Woodville & Tyler County History
According to the 2000 census, Tyler County had a population of 20,871, consisted of 936 square miles with a density of 22.3 per square mile, compared to 79.54 statewide, and ranked 110 among the 254 counties in Texas.
Race | Population | County % | Statewide % |
White | 17,487 | 83.8 | 70.97 |
Black | 2,497 | 12.0 | 11.53 |
Other | 135 | 0.6 | 3.33 |
Hispanic | 742 | 3.6 | 31.99 |
Age | Population | County % | Statewide % |
>5 | 1,215 | 5.8 | 7.8 |
5-14 | 2,732 | 13.1 | 15.8 |
15-19 | 1,386 | 6.6 | 7.8 |
20-44 | 6,852 | 32.8 | 38.5 |
45-64 | 4,964 | 23.8 | 20.20 |
65+ | 3,722 | 17.8 | 9.9 |
Texas grew from 16.9m in 1990 to 20.8m in 2000 for a 22.8% increase; during this same time, Tyler County grew from 16,646 to 20,871 for a 25.4% increase. For more on Woodville, Tyler County, and Texas, see the following links:
www.census.gov/census2000/state/tx.html
www.state.tx.us for Texas in general
www.twc.state.tx.us for Texas business
www.cdr.state.tx.us for Texas labor & career info
Local Historian Wrote the Following
Tyler County is located in South East Texas, in the north-central section of the Big Thicket, and occupies a diverse and unique niche in the geological, ecological, and archaeological environs of our part of the world.
The present area has most of the seven or eight divisions of the Big Thicket with all their varied plant cultures, including huge forests of both hard and soft woods, and the industries for processing them. Between the vast timber stands are rolling hills with lush pastures filled with some of the world’s finest cattle and horses.
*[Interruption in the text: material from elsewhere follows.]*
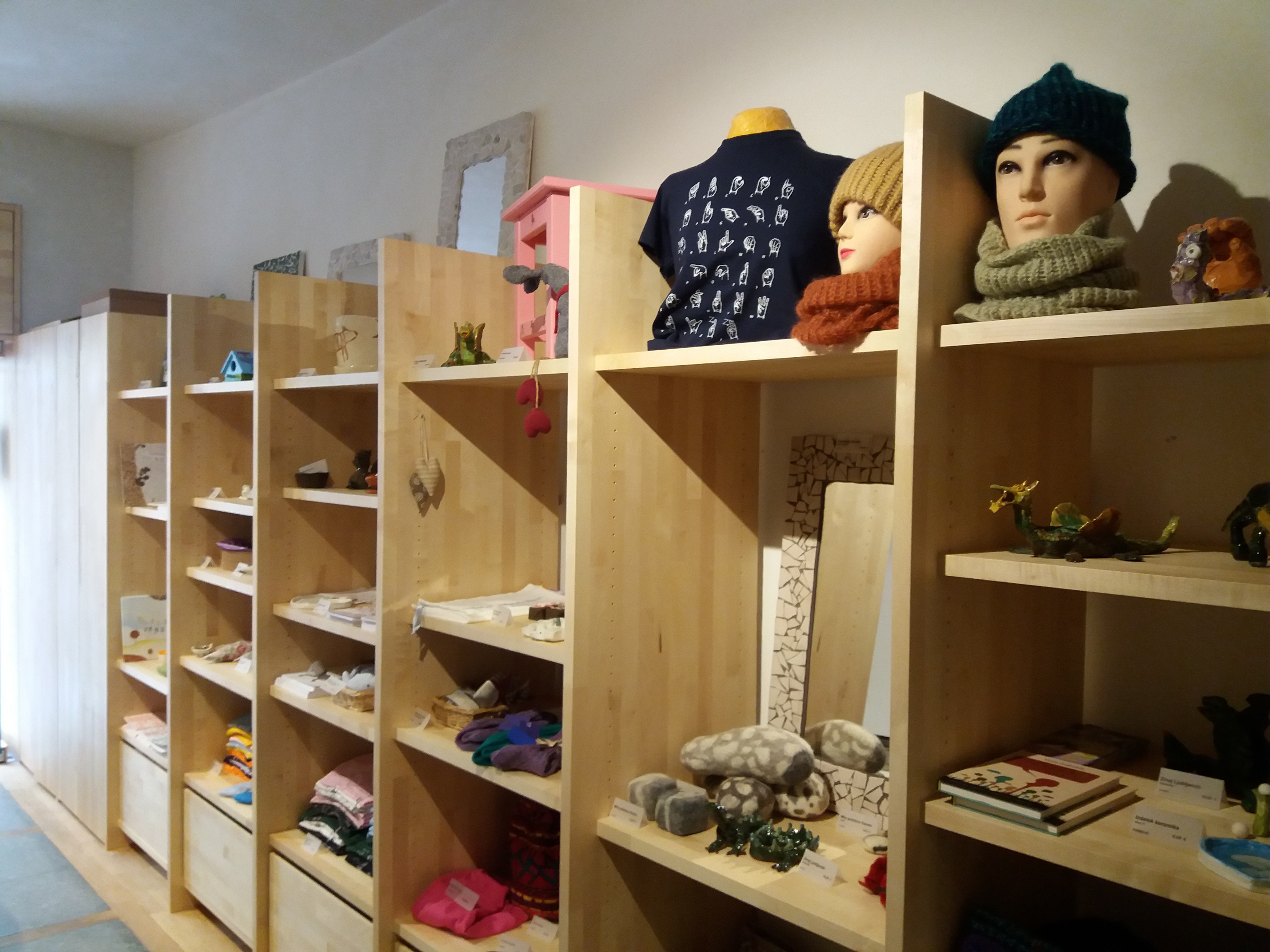 Kaj ponuja knjigarna-trgovinica Zebra gre na Luno? Izdelke, ki sproti nastajajo pri pouku in pri delovni terapiji tako na stopnji vrtca in osnovne šole kot tudi v okviru poklicnih usmeritev na srednji šoli. Ker teh izdelkov ni dovolj, je ZGN Ljubljana k sodelovanju povabil tudi mlade, ki so končali izobraževalno pot v njihovem zavodu (na področju računalništva, grafike, tiskarstva, tekstilstva, lesarstva in strojništva) in ki niso našli zaposlitve. V delavnicah omenjeni mladi pod mentorstvom mojstrov izdelujejo unikatne izdelke za opremo doma, spominke, vezane na Ljubljano in Slovenijo, umetniška in druga ročna dela ter še marsikaj drugega. V knjigarni-trgovinici ponujajo tudi strokovno literaturo, ki je nastala v njihovi ustanovi, v okviru delovanja Zveze društev gluhih in naglušnih Slovenije, v društvu Vilko Mazi in v Centru za sluh in govor Portorož – knjige, revije in časopise. Ponujala bo tudi literaturo drugih založb, ki obravnavajo vsebine iz življenja otrok s posebnimi potrebami.

Many fine, quiet retreats are occupied by some of the worlds finest people and several old reprobates.
The geological history of the area has been one of uplifts followed by savage erosion, subsidence, and inundation by large inland seas, some times fresh, some times salty. These warm nutrient rich waters have supported huge colonies of marine life which left behind great lime stone deposits. The subsequent eroding of the shore lines and the carrying of great quantities of silts, muds, sands, and small pieces of rock to the sea by ancient rivers left slates, sand stone, and brecciated conglomerates. Within these are multitudes of fossils of all kinds, both flora .and fauna and in places saturated with oil and gas. Some of the northern part of the area is covered with great deposits of volcanic ash which is also full of fossils.
The unconsolidated sand trapped between the layers of rock and impervious clays form tremendous aquifers feeding multitudes of springs and seeps spawning many spring branches and creeks. The Neches River on the north line of Tyler County meanders along the south side of the remnants of the Catahoula Uplift. This was the last major uplift, and it left a high range of mountains. This range was made up entirely of soft sedimentary material, most of which has eroded away, leaving behind the hills just to the north of us. This erosion deposited some thirty thousand feet of sediment in the Sabine Basin to our south. Formations that are fifteen thousand feet deep just south of Beaumont come to the surface in the north part of the County.
We have timber, oil, gas, fullers earth, and rock production. In the past there was salt production from the near by salt water seeps; the open kettle method was used.
There were a large number of Aboriginal settlements in the area from at least 14,000 years in the past, the last of which were the Alabama-Coushatta people around the 1780’s. In 1767 the Spanish under the Marques de Rubi followed a trail from Los Adaes, then the Capital of Texas, to Orcoquisac Mission at the mouth of the Trinity River: a scribe mentions that the trail was full of stumps so they were on an old road. This trail crossed the Neches at what became Belts ferry at Fort Teran and came through central Tyler County. By 1834 there were between 25-30,000 Anglos in East Texas, by a Mexican census of 1814.
The eastern part of Tyler County was a part of the Municipality of Bevil until Texas won its independence and became a part of Liberty County, which was known as the Menard District with its seat of government at Town Bluff. At the first session of the Texas Legislature after entering the Union, April 4, 1846, Tyler County was created. By degree, an election would be held to chose a site for a county seat, and three sites were named: Town Bluff, Wolf Creek Settlement, and a site in the forks of Turkey Creek. After the election, the Turkey Creek site was selected, and that became Woodville.
The county was named for U.S. President Tyler, and Woodville for George T. Wood, a Texas state senator who, with N.B. Charlton, got the bill through the Texas legislature. For a time, the county seat remained at Town Bluff. The commissioners court minutes for February 19, 1849, say that court was held at Woodville, and authorized the payment of the contractor for the construction of the Court House. In March of 1856, a new courthouse was authorized, and the old building sold. In November of 1890 another courthouse was authorized and accepted in the spring of 1892. The building was renovated to the present style in 1936.